First, defendant testified that following his return from Australia, he found a position working for a subset of a piece of equipment that we had deployed over in Australia. Defense counsel asked him to explain what he meant by a subset of the equipment that had been deployed. The prosecutor objected on relevancy grounds, which the trial court sustained. At a sidebar conference, defense counsel asked whether the objection had been made in response to a signal from the representative of the federal government, and the prosecutor stated he had no idea, and had objected because the question was irrelevant. Defense counsel stated he was attempting to elicit testimony (1) to counter prosecution testimony regarding the ESL location where defendant was assigned, as opposed to the location where he in fact was seen working (and by implication, stalking Black), and (2) to elucidate defendants industry jargon so that the jury understood what it is he was working on. The trial court suggested counsel simply ask defendant where that piece of equipment was located.
Second, when defendant testified that he was assigned to a different project, defense counsel asked him to identify the new project. The prosecutors objection on the ground of relevancy was sustained. At sidebar, defense counsel again inquired whether the prosecutors objection was prompted by a signal from Ball. After colloquy between counsel and the court, the prosecutor said, When I make a relevancy objection, I mean that the matter is irrelevant. Pure and simple. After further argument, the court again stated that [t]he relevancy is where he was working.
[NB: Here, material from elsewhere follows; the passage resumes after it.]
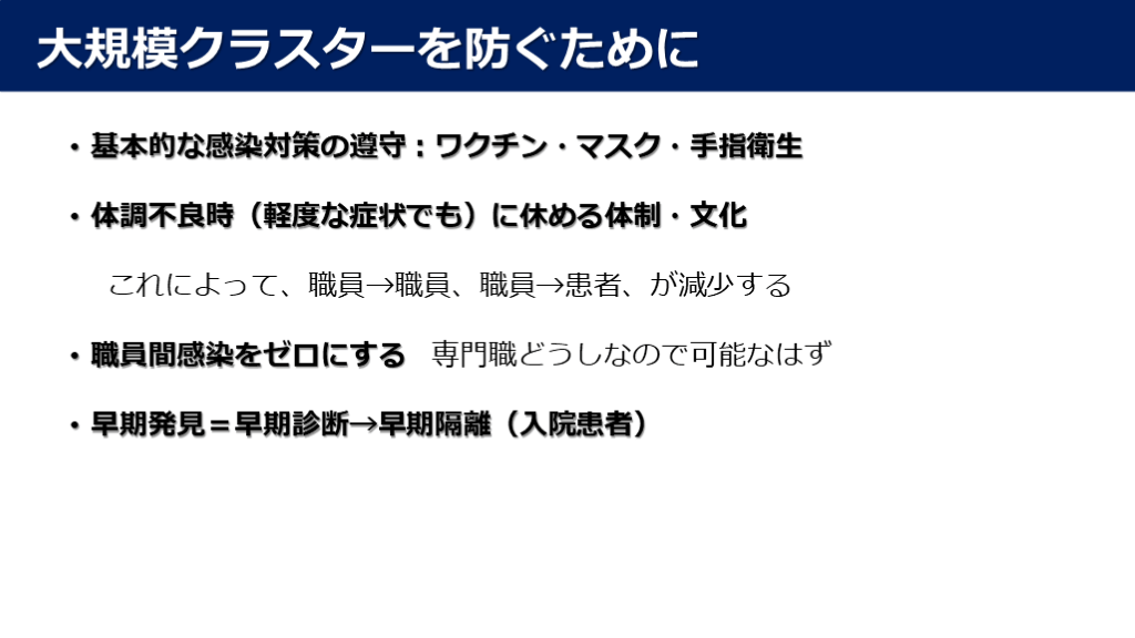 病院機能を維持するためにも、医療従事者の大規模クラスターは防ぎたい

Third, defendant testified that he did not believe the actions he took to gather information about Black were wrong, because his Navy career and his work at ESL fostered an attitude that gathering information surreptitiously was not wrong and that information was power. Defense counsel asked, What are you referring to in terms of what you did in the military and ESL that fostered these attitudes? The prosecutor objected that the information was irrelevant. At a sidebar conference, defense counsel suggested Ball had signaled the prosecutor. The prosecutor stated, I received no signal. I made a relevance objection. After further discussion between the court and counsel, the court asked defendant for an offer of proof regarding what defendant is going to testify to. After consultation with defendant, defense counsel stated defendant would testify that his work involved the use of electronic methods to monitor electronic signals generated by foreign powers, and he intend[ed] to ask [defendant] about that information, about where it was coming from, and why this work contributed to his attitudes, what it was about that that contributed to his attitudes . . . . After further argument by counsel, the court sustained the objection, noting that defendant already had testified that his military and work environment, in which he possessed security clearances that allowed him to obtain information, had led to his feeling of power from getting information. The trial court explained that it fail[ed] to see what he did specifically in the Navy or at ESL insofar as particular projects that he worked on, or particular discussion about monitoring electronic signals of foreign powers or as well as any agencies that he worked for, how that has anything at all to do with this. The court added that even if it had some marginal relevance under 352, this is a complete waste of time, confusion of the issues, and the probative value of this information is negligible.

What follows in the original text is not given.